I queued to collect my medal, an extra that if you didn’t select when you entered, you don’t get!  Likewise the tech tee shirt.  The finish area was a bit of a damp squib, no water station, no music, a medal that looked like if had jest been picked at random from a local trophy shop, no nothing really.  I had promised myself a pint in the rugby club bar but the atmosphere was soo poor, I left feeling proud that I had completed the race but disappointed that there was no celebration to remember it by. 

Would I run it again? possibly, do I need to run it again? No!  But if you are looking for a race that will challenge you in terms of physical and mental effort, will try to destroy you, will lead you to believe that the hills have finally finished and then round the corner another one appears, then this is the run for you and I would encourage you to enter.  Just add 20 minutes to your standard road half marathon finishing time and you’ll be about right, good luck.

Escape from GB – 31 May 2019

The aim is to get as far from the start as possible in 48 hours (as the crow flies).

Becky wrote “Wow! What can I say I feel so emotional reading all your supportive posts. The guys read a lot to me when out on the road.
I’m elated but disappointed I stopped when I did but sadly the feet & blisters won. On a positive note my injections to my feet did work – ironic!!
MASSIVE thank you to my support crew Angie Clarke, Marie Louise, Rose James Was Thompson, and Darren Smith without whom I could not have attempted this challenge.  Martin Hookway Thank you for helping me plan a route and believing in me it means a lot. I now need to believe in my own ability a bit more. My planning paid off & everything came together. I can do this , I will do these things again only better!
I’ve learnt so much from this & yes already thinking what next! Lol”
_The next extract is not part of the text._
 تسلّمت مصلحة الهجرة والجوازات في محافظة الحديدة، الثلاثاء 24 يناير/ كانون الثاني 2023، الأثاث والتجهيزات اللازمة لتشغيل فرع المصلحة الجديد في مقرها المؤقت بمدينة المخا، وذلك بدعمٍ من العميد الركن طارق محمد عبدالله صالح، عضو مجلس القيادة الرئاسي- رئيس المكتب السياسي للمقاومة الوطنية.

Angie Clarke wrote “Escape GB update. Becky HB has stopped at just over 100 miles !! The blisters have the same surface area as her toes. Normally she doesn’t suffer from blisters but for some reason this weekend was the time for them to make a grand appearance !! She has been, and still is in high spirits, it’s been a tough challenge with all the ascents/descents & weather etc.. only the first 21 miles were without blisters so there has been a lot of pain !! It’s been a great experience crewing for her again.. although minor operations to feet & toes was not what I was expecting!!”

Calderdale Way Ultra – 1 June 2019

I only found out about this race a couple of weeks ago, I was looking at routes around where I work and my boss said I should look at the Calderdale Way. I googled it and the first result was the Calderdale Way Ultra.

It was two weeks away. I could register after work on Friday and drive over first thing on Saturday morning, so I got signed up right away.

The Calderdale Way Ultras was going to be my 7th Ultra Marathon.

Ideally, it would have been nice to have at least another week to recover after the Windermere Marathon, but nothing is perfect. Apart from that, the race fitted into my training for the Beacons Way Ultra 100 really well.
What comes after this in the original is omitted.